[[ GIVEN INFORMATION open ]]
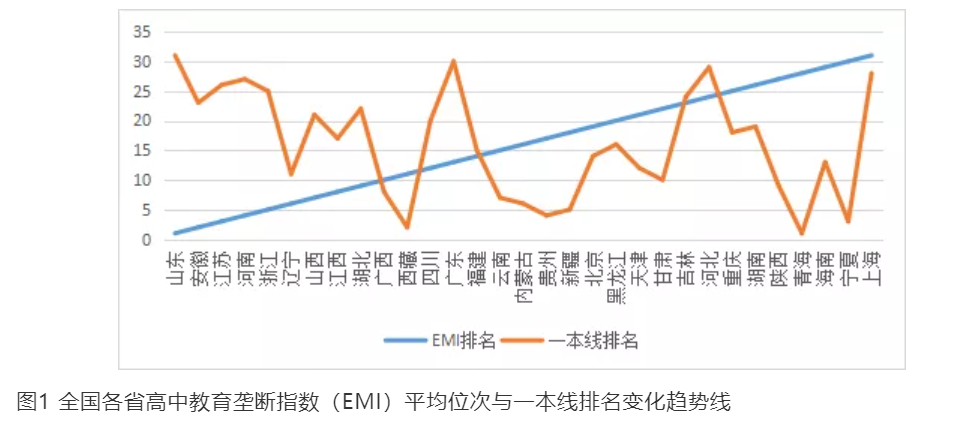 研究分析發(fā)現(xiàn):超級中學教育壟斷指數(shù)越高,省內普通理科一本分數(shù)線越有可能會隨之下降。
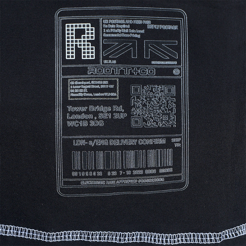 Camiseta para hombre. Presenta gráficos ROOTT+CO en la parte delantera, diseño en mangas y marquillas de la marca ROOTT+CO.
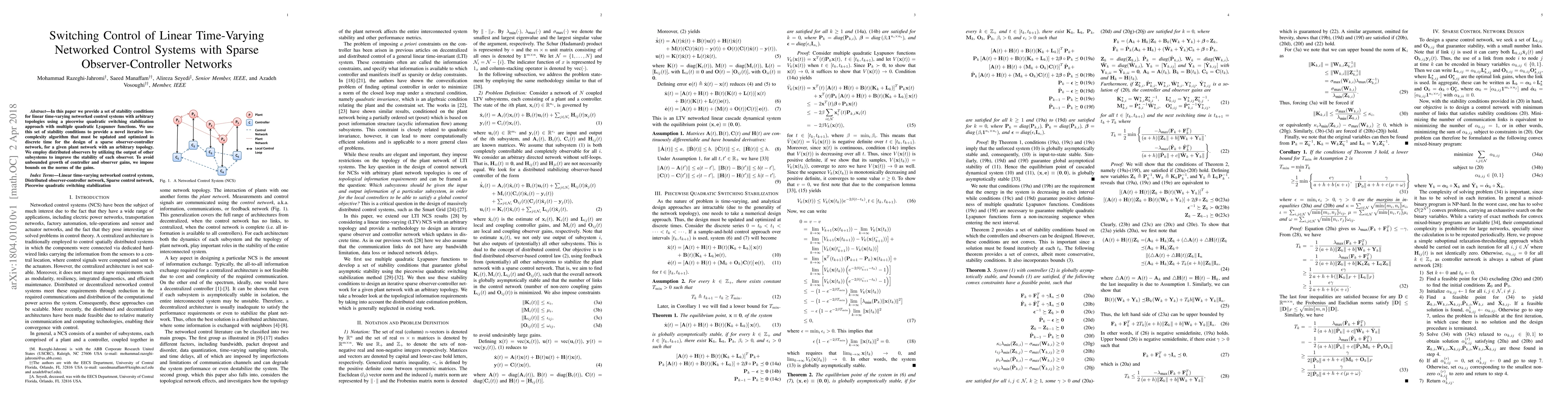 This paper presents stability conditions for linear time-varying networked control systems using a switching stabilization approach with multiple Lyapunov functions. It introduces a low-complexity algorithm for designing sparse observer-controller networks, employing distributed observers to enhance stability while imposing bounds on gains to prevent unbounded growth.
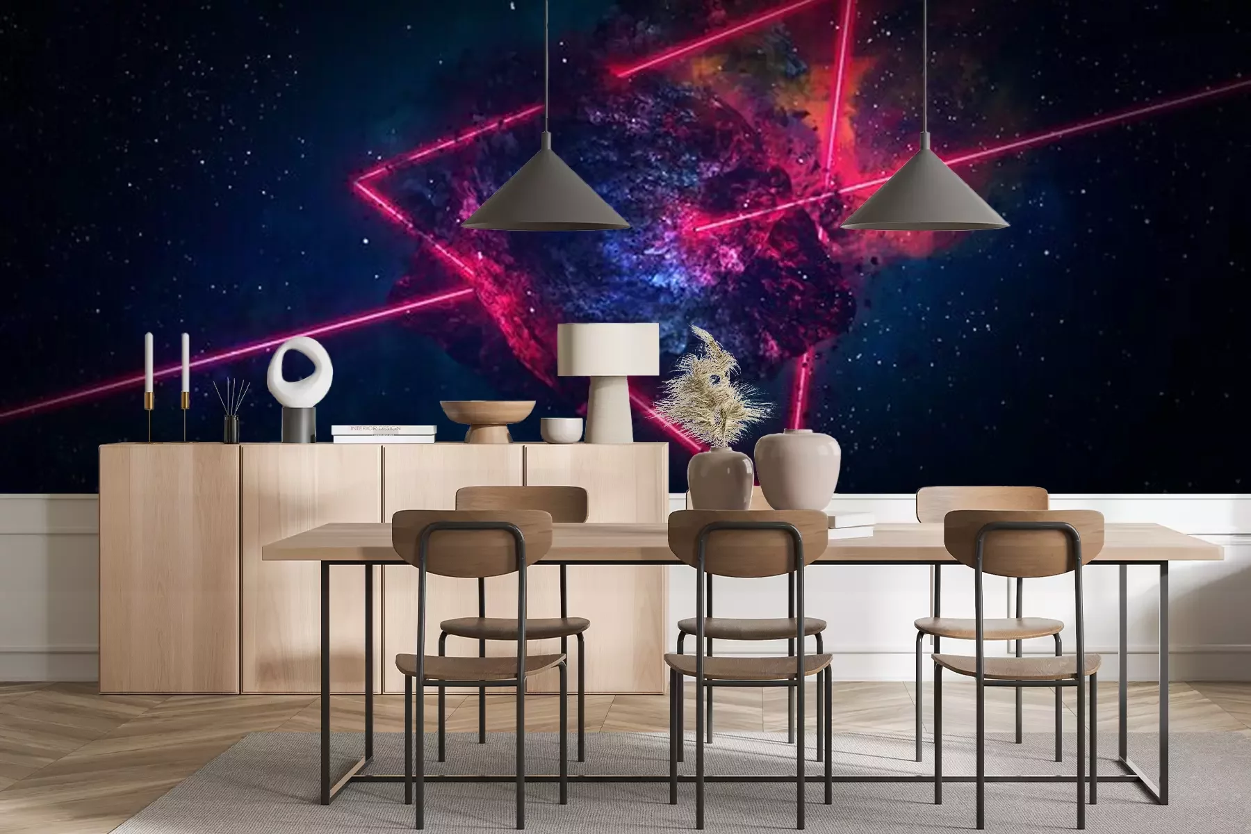 Papier peint  Espace abstrait, comète en feu, flash, laser à travers la pierre, couleurs vives
[[ GIVEN INFORMATION closed ]]
**WORK TO COMPLETE:** Extract the run of lines beginning with the line that holds "This paper presents" and ending at the last line of the data, inclusive. Exclude any pictures from the copy.

**SOLUTION FOR THIS PROBLEM:**
 This paper presents stability conditions for linear time-varying networked control systems using a switching stabilization approach with multiple Lyapunov functions. It introduces a low-complexity algorithm for designing sparse observer-controller networks, employing distributed observers to enhance stability while imposing bounds on gains to prevent unbounded growth.
 Papier peint  Espace abstrait, comète en feu, flash, laser à travers la pierre, couleurs vives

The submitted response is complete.